Re: question about sblive and linux

David Foster (dfoster@panix.com)
Wed, 13 Jan 1999 09:20:25 -0500


At 10:54 PM 1/12/99 , Jacob Hawley wrote:

>To be honest I think that only a very, very small part of the functionality
>will
>be available short term features such as: WAV, Midi, PCM, Simple effects,
>Stereo. This is mostly going to be a resource issue, for example to get where
>we are today on Win9x (please it is just an example no flames) it took 6
>engineers about 7 months. I expect that the development of the Linux driver
>will be slow until we actually have a library / sourcecode to distribute.

<snip>

>Creative not unwilling to provide programming information, there simply isn't
>any because it hasn't been written. We have almost never given this type of
>information out, instead we have exposed functionality through API's (Windows
>centric). So we have to work on writing the documents, sample source code,
>etc.

I think it would amaze you just how much making this an open source project
would help. And, as a hardware vendor, that wouldn't cut into sales at
all. I realize it's a different way of thinking, but instead of relying on
internal QC procedures, you'd have a lot of people on the Net poring over
the source looking for problems. And you'd basically gain free consulting
from the people who have written previous drivers for Linux, and know the
sound sub-system cold.

To be honest, if you go the familiar route of closed source, I can't
imagine many people buying the card for Linux. I, for one, would be very
hesitant to install a driver for which I didn't have source code. My main
concern would be that if Creative chose to discontinue Linux support, I'd
be stranded. If the source is open, I know that somebody will continue to
maintain it.

Open source would be a win-win situation for Creative here. Not only would
you gain the increased productivity of open source development, but you
would be surprised how many people will buy the card just to play with the
source code. After all, you aren't selling drivers, you're selling
hardware. And releasing the source and opening development can only result
in increased sales.

Linux market share is increasing rapidly and, as your interest shows, is
becoming a platform that hardware vendors need to consider. To be
successful in the Linux market, though, it's valuable to do things "the
Linux way", in the same way that it is necessary to do things "the
Macintosh way" if you expect success on that platform.

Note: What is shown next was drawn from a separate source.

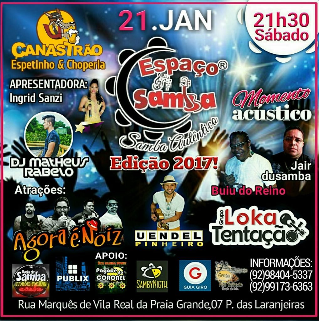 Há oito anos o Espaço Samba conquistou o coração dos sambistas manauaras e por alguns meses o mesmo estava desativado, mas a pedido de amigos e clientes, o proprietário Popó Guedes resolveu reativar o evento, e dia 21 de janeiro vai rolar a edição 2017 do “Espaço Samba” que apresentará o melhor do gênero musical no Canastrão Espetinho & Choperia.

Certainly, it's a different way of working, and you'd have put some thought
into how to structure the project. From a cost standpoint, though, even if
you ignore the development advantages, releasing the source is a lot
cheaper than writing the documentation for a library API. And, perhaps
unlike the Windows platform, Linux developers would rather have source, anyway.

It's certainly a project design worth considering.